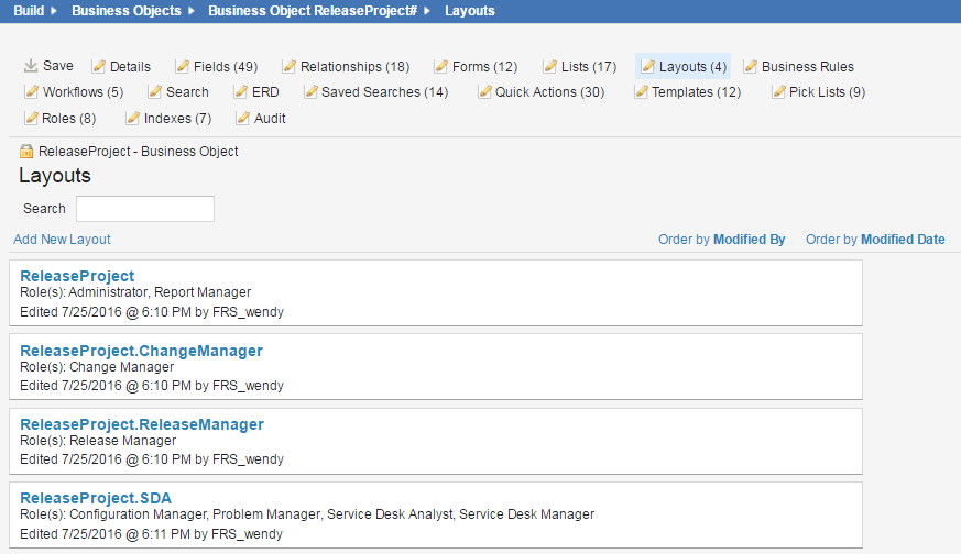 3.Click the Layouts tab. The application displays a list of all the layouts used for this business object.
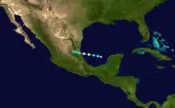 A westward-moving tropical wave traversed the Lesser Antilles on July 20. It moved across the Caribbean, and its thunderstorms increased on July 23 while passing south of Cuba and beneath a high-pressure area. There is evidence that it could have developed a circulation on July 24 before it struck the Yucatán Peninsula. It is confirmed to have developed into a tropical depression on July 25 in the Bay of Campeche. As it continued west-northwestward, it rapidly intensified into Tropical Storm Anna, and before moving ashore in Mexico near Ozuluama, Veracruz, on July 26 it attained hurricane status. Peak winds reached 85 mph (135 km/h), although Anna rapidly dissipated on July 27 as it moved further inland.[9] The high winds wrecked several homes in poor regions of Tampico, Tamaulipas, while rainfall of 2.5 in (64 mm) resulted in flooding.[5] The high winds severed telegraph lines from Tampico to San Luis Potosí. The same area was affected by several hurricanes in the previous year.[12] Damage totaled around $50,000, and there were no deaths.[5]
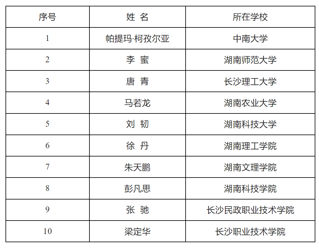 湖南省高校第二届“最美辅导员”名单
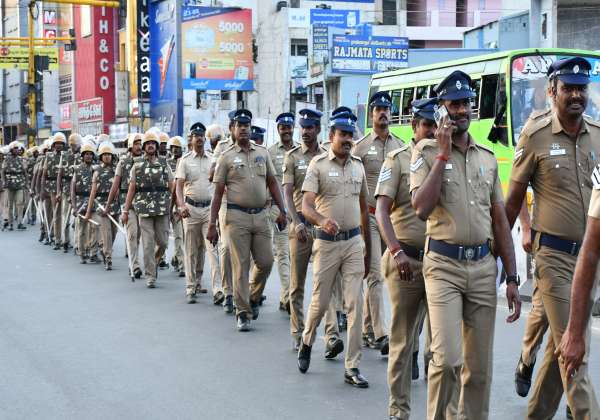 விநாயகர் சதுர்த்தி பாதுகாப்பு கொடி அணிவகுப்பு நடத்திய திருப்பூர், மாநகர போலீசார்.
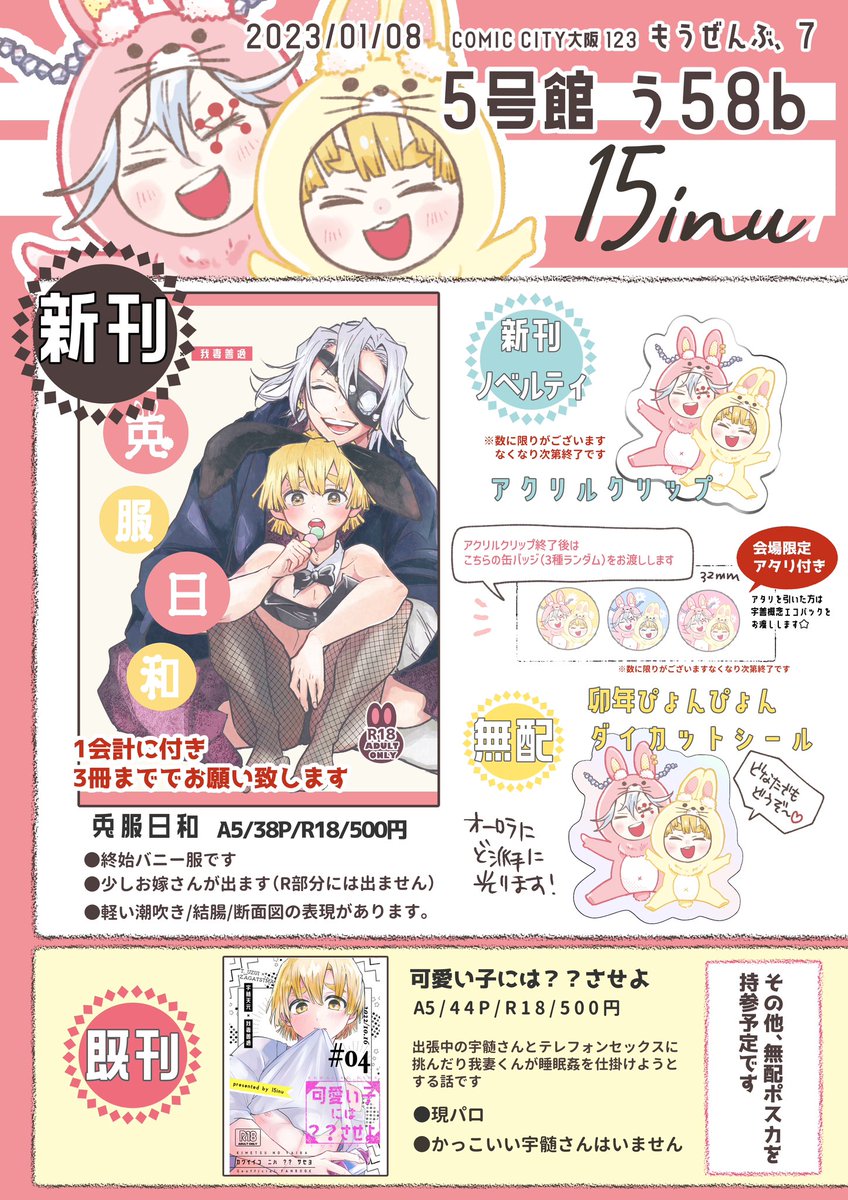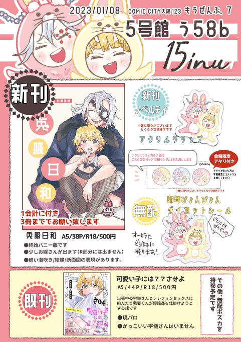 #宇善イベント_サークル参加します 1/8インテ もうぜんぶ、7おしながきです! 既刊と無配もあります! 無配はぴょんぴょん宇善シールです🐰❤️ ノベルティは無くなり次第終了です。 【新刊サンプル】 pixiv.net/artworks/10423… 【既刊サンプル】 pixiv.net/artworks/10191…
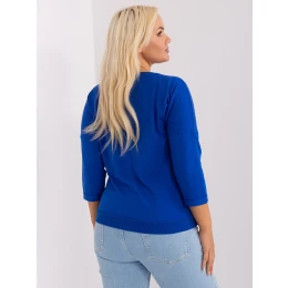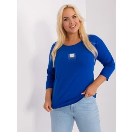 Kobaltová dámská plus size halenka s 3/4 rukávy.

━━━━━━━━━━━━━━━━━━━━

If a record holds a picture, leave the picture out and copy everything else exactly.

__Problem solution__.
 3.Click the Layouts tab. The application displays a list of all the layouts used for this business object.
 A westward-moving tropical wave traversed the Lesser Antilles on July 20. It moved across the Caribbean, and its thunderstorms increased on July 23 while passing south of Cuba and beneath a high-pressure area. There is evidence that it could have developed a circulation on July 24 before it struck the Yucatán Peninsula. It is confirmed to have developed into a tropical depression on July 25 in the Bay of Campeche. As it continued west-northwestward, it rapidly intensified into Tropical Storm Anna, and before moving ashore in Mexico near Ozuluama, Veracruz, on July 26 it attained hurricane status. Peak winds reached 85 mph (135 km/h), although Anna rapidly dissipated on July 27 as it moved further inland.[9] The high winds wrecked several homes in poor regions of Tampico, Tamaulipas, while rainfall of 2.5 in (64 mm) resulted in flooding.[5] The high winds severed telegraph lines from Tampico to San Luis Potosí. The same area was affected by several hurricanes in the previous year.[12] Damage totaled around $50,000, and there were no deaths.[5]
 湖南省高校第二届“最美辅导员”名单
 விநாயகர் சதுர்த்தி பாதுகாப்பு கொடி அணிவகுப்பு நடத்திய திருப்பூர், மாநகர போலீசார்.
 #宇善イベント_サークル参加します 1/8インテ もうぜんぶ、7おしながきです! 既刊と無配もあります! 無配はぴょんぴょん宇善シールです🐰❤️ ノベルティは無くなり次第終了です。 【新刊サンプル】 pixiv.net/artworks/10423… 【既刊サンプル】 pixiv.net/artworks/10191…
 Kobaltová dámská plus size halenka s 3/4 rukávy.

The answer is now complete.